Hacker News new | ask | show | jobs
by brtv 1106 days ago
Interesting! I'm currently working on a system that writes time series data to raw binary files, but we're considering switching to a different file format for the same reasons. Have you considered any other formats, such as hdf5?
1 comments

The one potential requirement I'll caution you on is resilience against write failures, in case you're collecting time-series data and can't afford to lose a "session" or spend time messing with recovery options. HDF5 is not made for that. Binary and SQLite are better in that respect. SQLite wins on usability against binary and HDF5.

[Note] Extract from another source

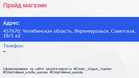 Прайд, магазин по адресу 457670, Челябинская область, Верхнеуральск, Советская, 18/1 к2 в дальнейшем Организация, размещена в следующих категориях:

https://cyrille.rossant.net/moving-away-hdf5/

I'm not familiar with HDF5 but agree on resiliency. We are a collegiate racing team and our car's power rails aren't stable and redundant at all times, so power loss failure is something I've kept in mind from day one on my telemetry project. SQLite is generally equipped to handle power losses and write thread crashes:

> An SQLite database is highly resistant to corruption. If an application crash, or an operating-system crash, or even a power failure occurs in the middle of a transaction...

Quite often after a run the entire car is turned off and, on next power up, the databases are left as .db and .db-journal files. The code has no problem processing or even continuing on logging with DBs in this state.

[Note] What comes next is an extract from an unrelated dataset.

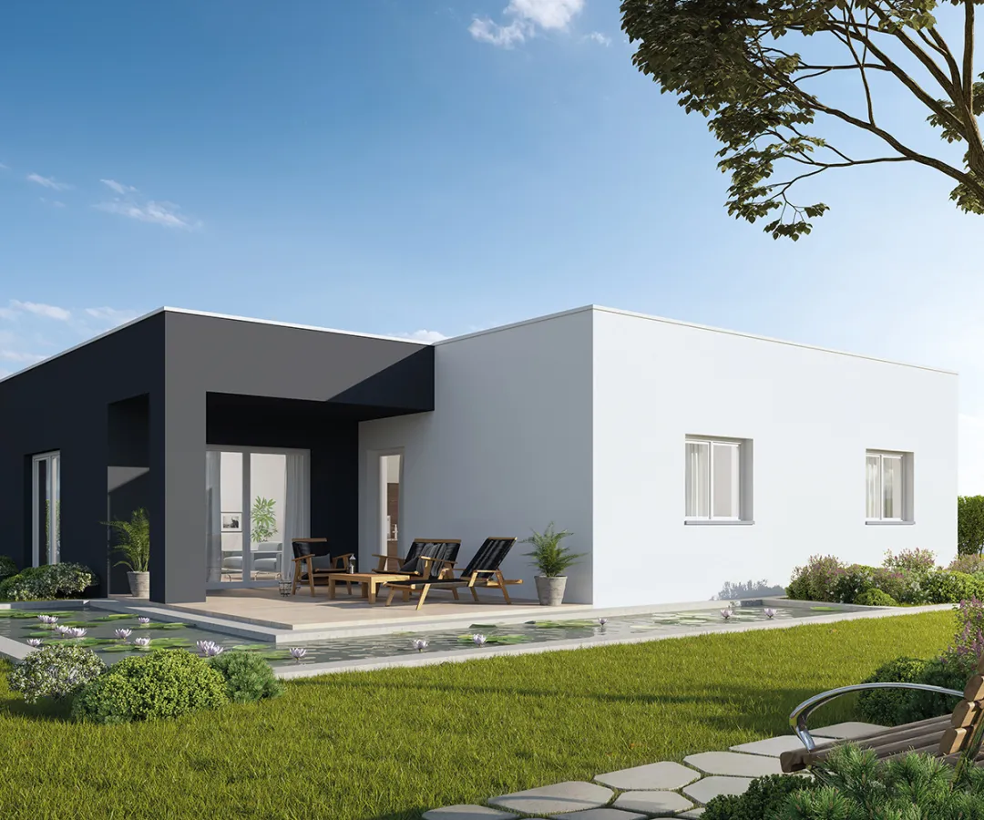 Unser größter Flachdachbungalow ist modern geschnitten und lässt Wohnträume wahr werden. Über den großen und offenen Wohn-, Ess- und Kochbereich gelangt man direkt auf den überdachten Terrassenbereich. Die großen, bodentiefen Fenster sorgen für helle Räume.

HDF5 is more for storing and exchanging numerical simulation data. It doesn't have to be resilient to write failures because worst-case scenario you rerun the simulation or try again to copy the data into the file.

SQLite writes are "atomic" transactions. After writing new data, it goes back to the index and registers that new data has been written using a single instruction. That's why interrupting it in the middle of a write doesn't result in partial data or a corrupted index.